[Opening RAW DATA section]

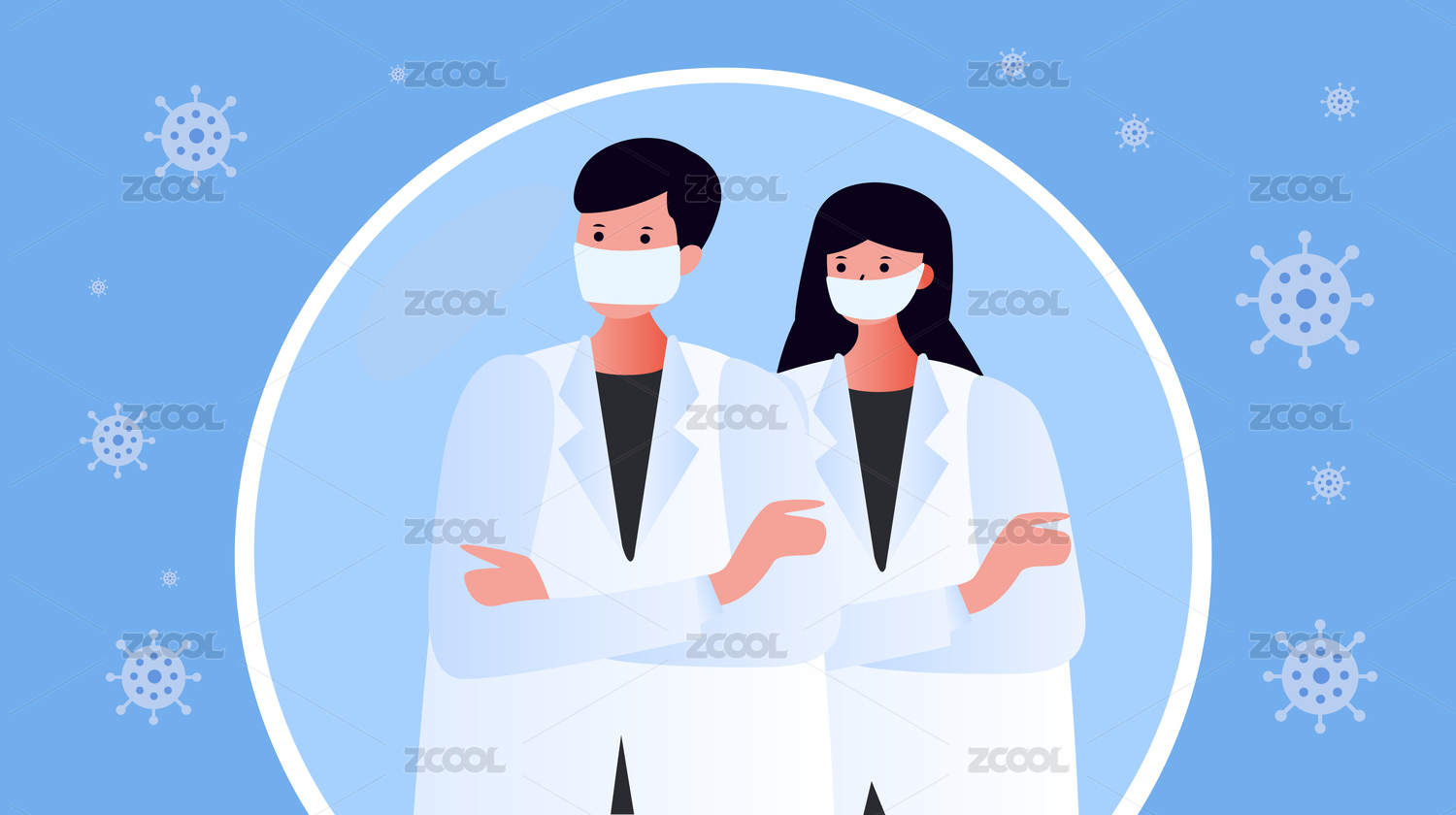 卡通医院医生护士口罩疫情预防矢量插图素材
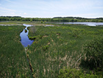i caught a glimpse of a trio of cedar waxwings flying off of a tree on the path, didn't have my camera ready otherwise i would've tried to snap a few photos, they're pretty birds. singing sparrows were common. in the water we saw green frogs and painted turtles.
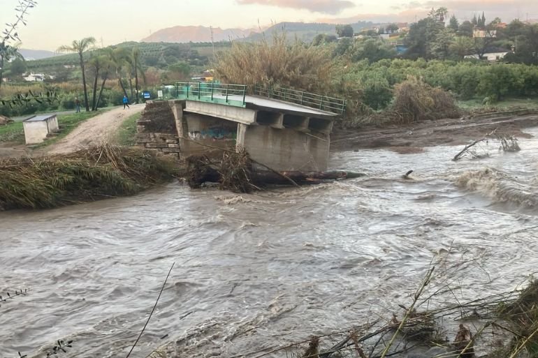 Uno de los ejemplos más visibles de los efectos del temporal ha sido el colapso de infraestructuras como el puente de Las Valencianas en Coín, completamente destruido.

[Closing RAW DATA section]

PROBLEM STATEMENT
Transcribe all the lines above exactly, apart from the pictures.

COMPLETED TASK
 卡通医院医生护士口罩疫情预防矢量插图素材
i caught a glimpse of a trio of cedar waxwings flying off of a tree on the path, didn't have my camera ready otherwise i would've tried to snap a few photos, they're pretty birds. singing sparrows were common. in the water we saw green frogs and painted turtles.
 Uno de los ejemplos más visibles de los efectos del temporal ha sido el colapso de infraestructuras como el puente de Las Valencianas en Coín, completamente destruido.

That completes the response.